MATERIAL PROVIDED =
—————

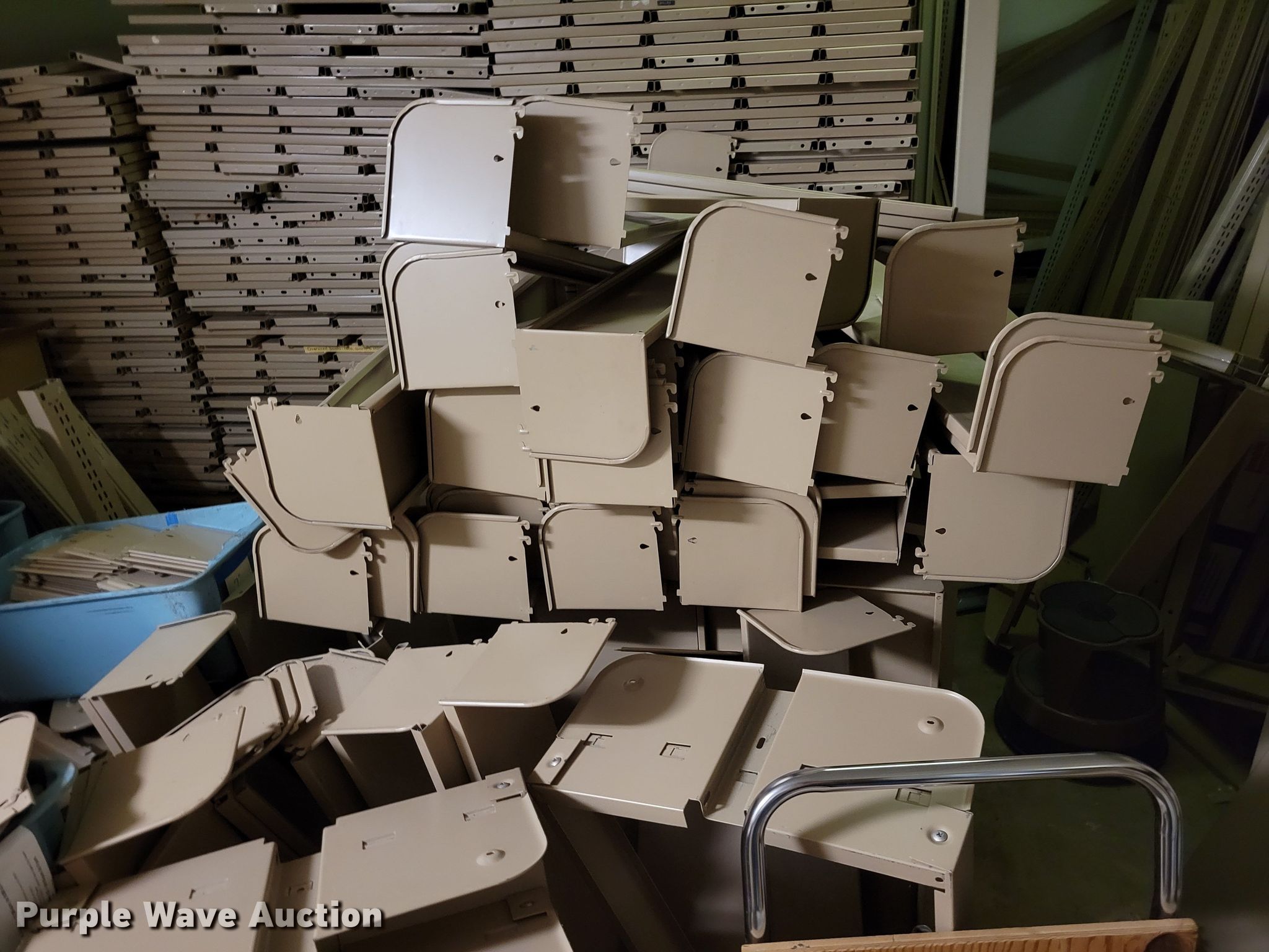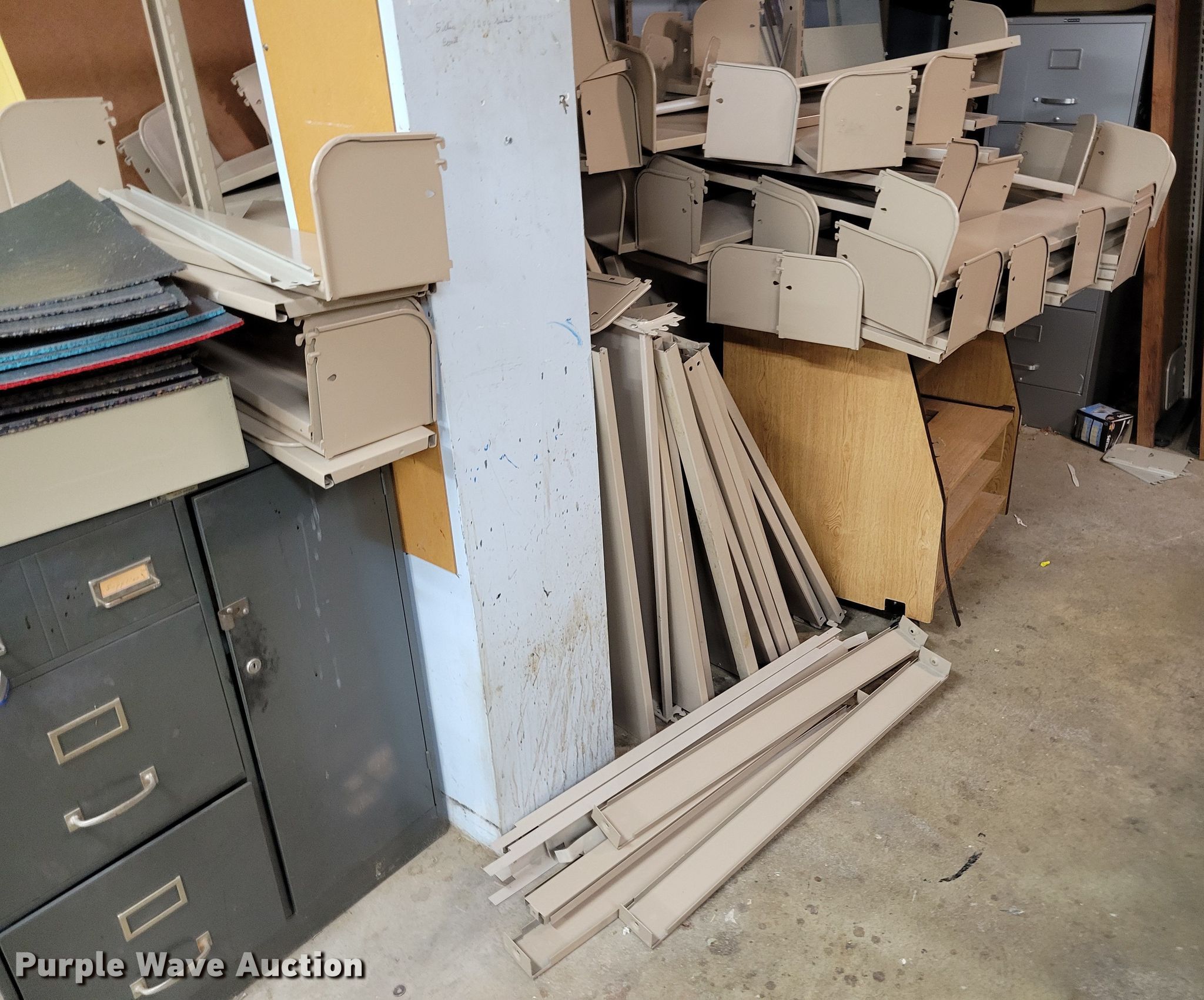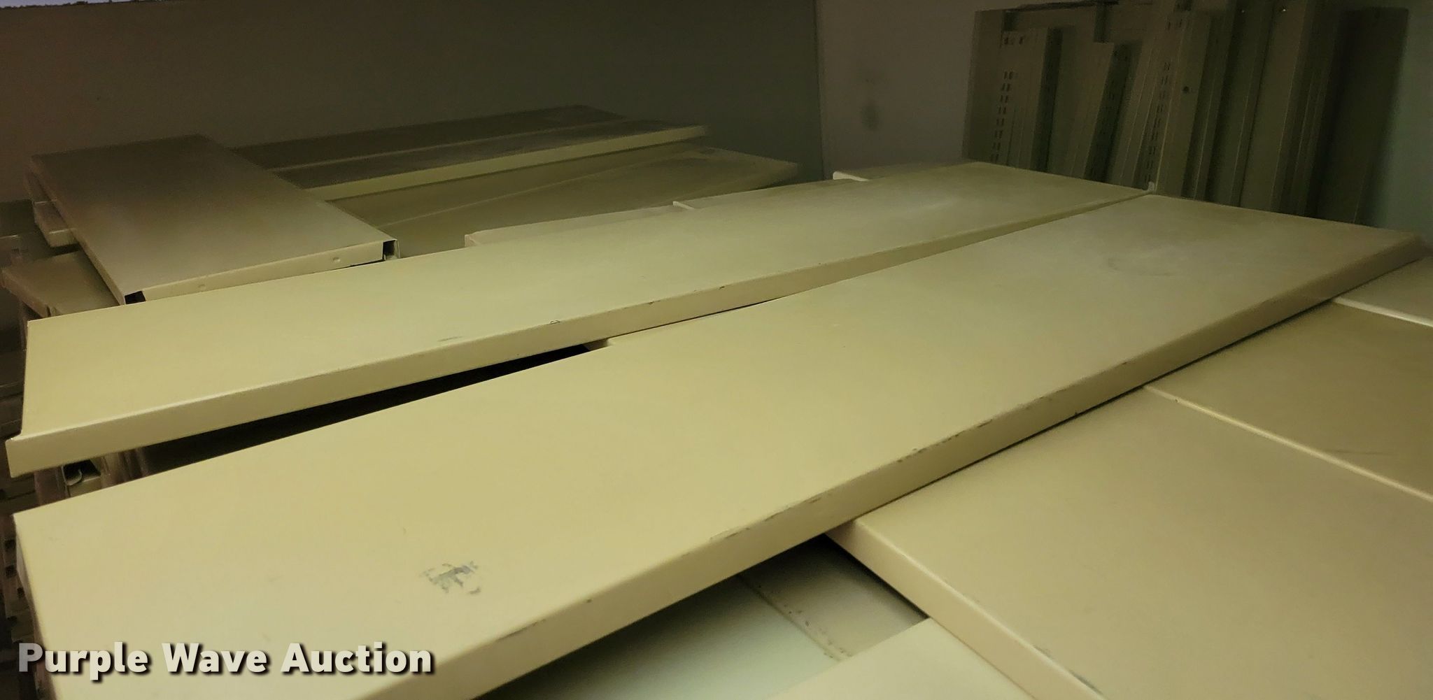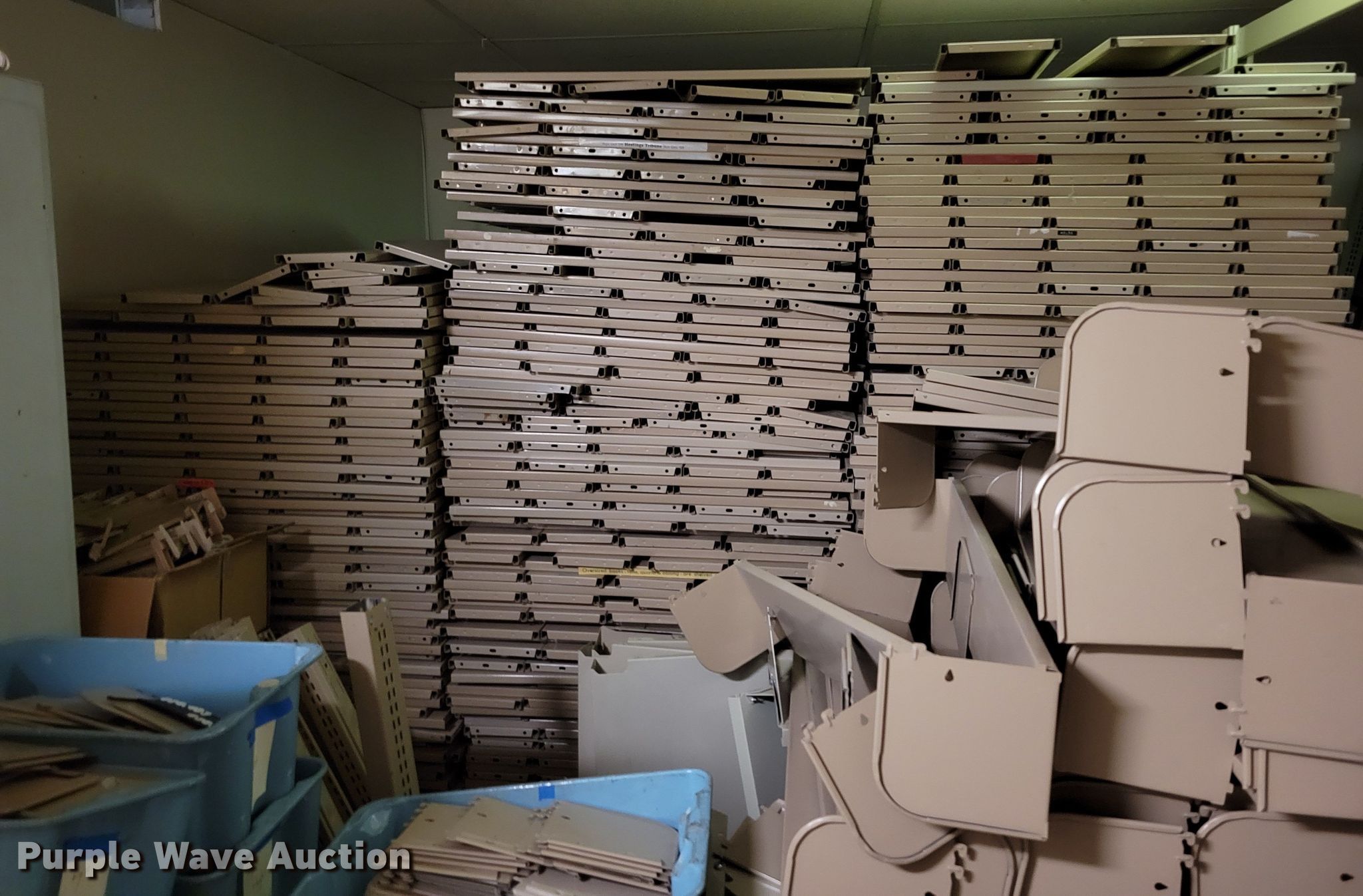 Purple Wave is selling a used Shelving and Storage in Nebraska. This item is a Shelving with the following: Metal shelving, 9' x 6' x 82", Approx. 35 totes dividers, Uprights, Length: Approx. 90",, (12) metal countertops, 90" L x 20" W, (6) chipboard countertops, 59" to 114" L x 29" W, Four drawer filing cabinet, 18" x 28" x 52"
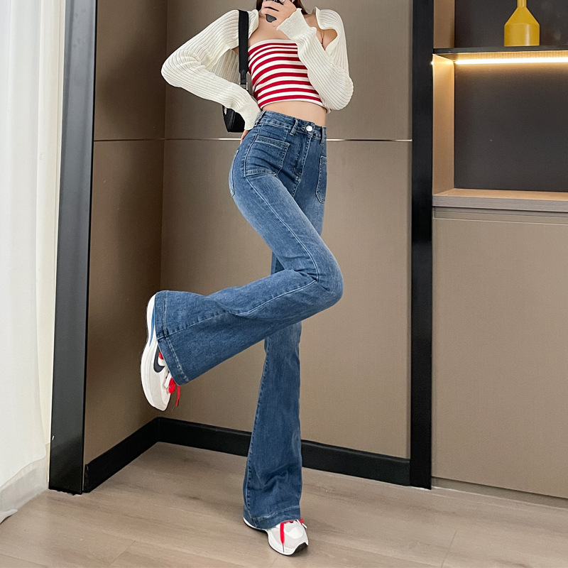 高个子加长牛仔裤春秋季微喇叭裤女高腰显瘦修身拖地裤高街ins潮
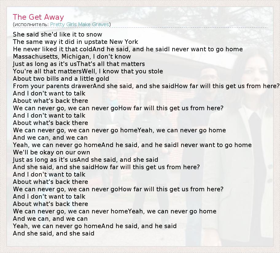Yeah, we can never go homeAnd he said, and he saidI never want to go home
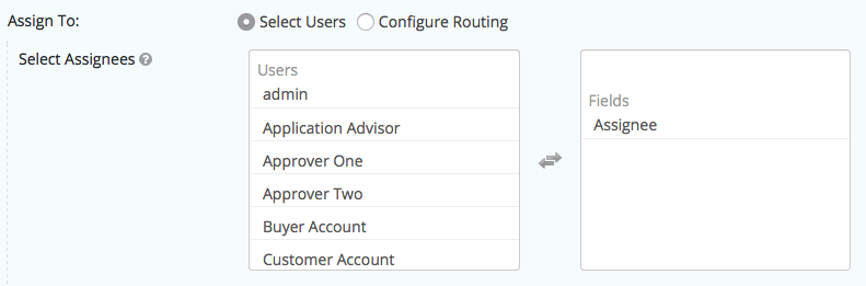 Una vez que haya agregado el campo de flujo de trabajo al formulario, deberá usarlo en la configuración de un paso de flujo de trabajo. Por ejemplo, asigne un paso de aprobación al usuario seleccionado en el campo Asignatario.

—————

THE PROBLEM = The expected output is the run of lines from the one containing "高个子加长牛仔裤春秋季微喇叭裤女高腰显瘦修身拖地裤高街ins潮" to the last line of the listing above, both included, word for word and free of pictures.

RESULT BELOW =
 高个子加长牛仔裤春秋季微喇叭裤女高腰显瘦修身拖地裤高街ins潮
Yeah, we can never go homeAnd he said, and he saidI never want to go home
 Una vez que haya agregado el campo de flujo de trabajo al formulario, deberá usarlo en la configuración de un paso de flujo de trabajo. Por ejemplo, asigne un paso de aprobación al usuario seleccionado en el campo Asignatario.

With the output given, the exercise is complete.